• WHAT IS BEING ASKED
For this exercise, print the listing below exactly, without its pictures.

• SUPPLIED MATERIAL
********
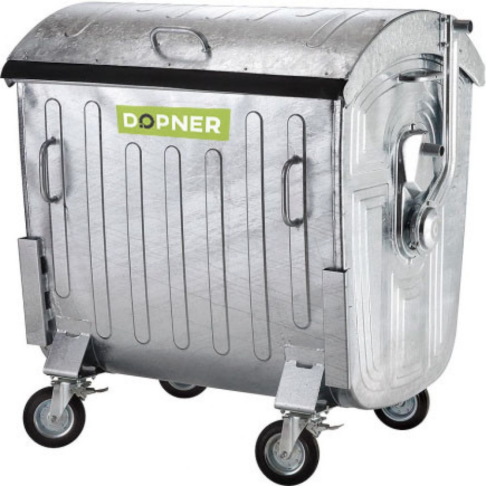 Kovový žárově zinkovaný kontejner s kulatým víkem o objemu 1100 l. Vyrobeno z ocelového plechu - plášť 1 mm Povrchová úprava provedena žárovým zinkováním. Vybaveno otočnými kolečky s průměrem 200 mm – 2x s brzdou. Kontejnery jsou vhodné pro sběr domovních i průmyslových odpadů.
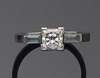 corner claw set with a princess cut diamond flanked to either shoulder by a channel set pale blue baguette cut stone
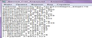 данных. Исходные данные внесем в текстовый файл и сохраним для дальнейшего
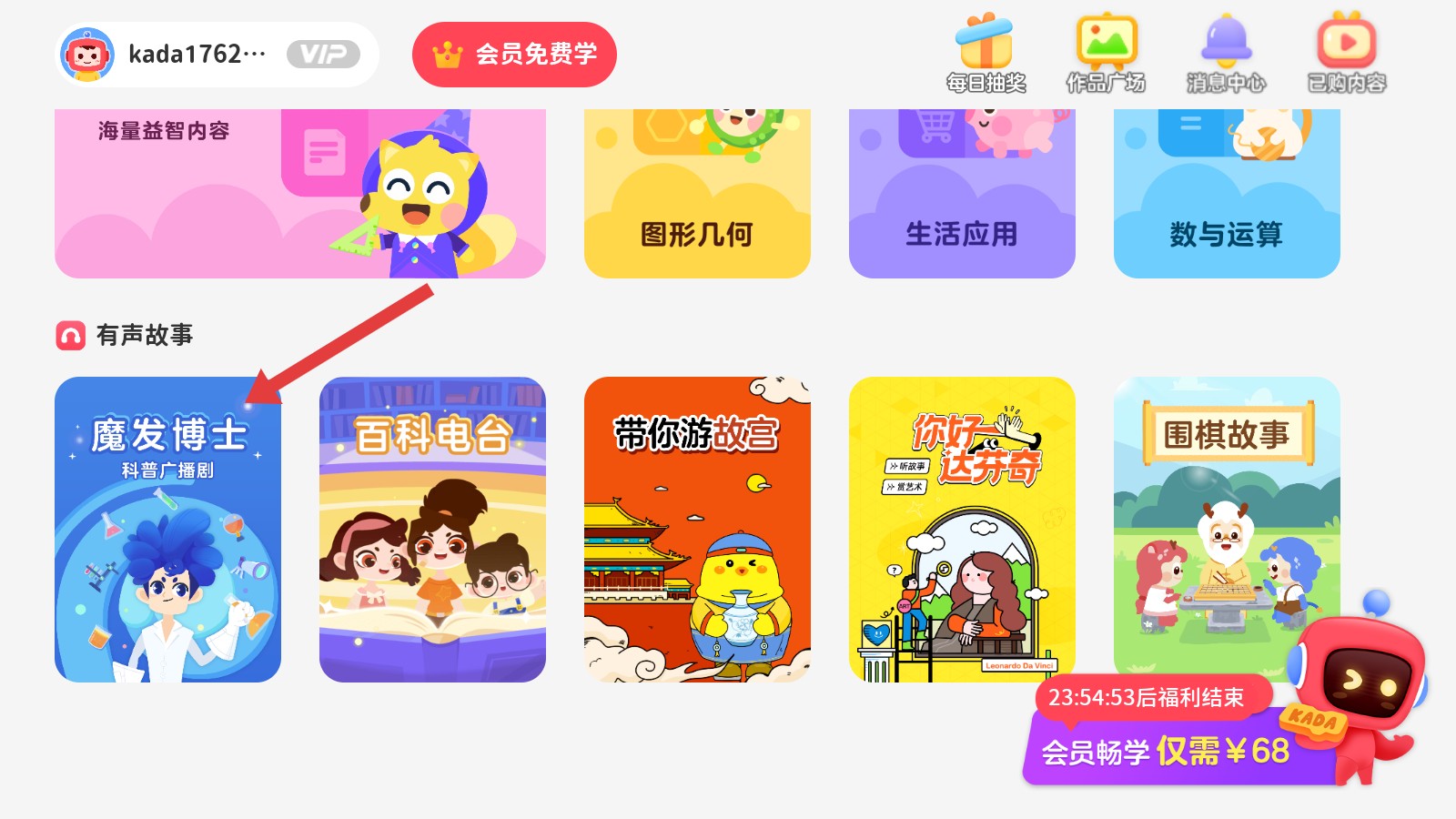 我們可以在首頁找到【有聲故事】板塊,點擊其中的【魔發博士-科普廣播劇】,就能進入精彩的科普音頻內容世界啦。
********
• RESPONSE TO THE TASK
 Kovový žárově zinkovaný kontejner s kulatým víkem o objemu 1100 l. Vyrobeno z ocelového plechu - plášť 1 mm Povrchová úprava provedena žárovým zinkováním. Vybaveno otočnými kolečky s průměrem 200 mm – 2x s brzdou. Kontejnery jsou vhodné pro sběr domovních i průmyslových odpadů.
 corner claw set with a princess cut diamond flanked to either shoulder by a channel set pale blue baguette cut stone
 данных. Исходные данные внесем в текстовый файл и сохраним для дальнейшего
 我們可以在首頁找到【有聲故事】板塊,點擊其中的【魔發博士-科普廣播劇】,就能進入精彩的科普音頻內容世界啦。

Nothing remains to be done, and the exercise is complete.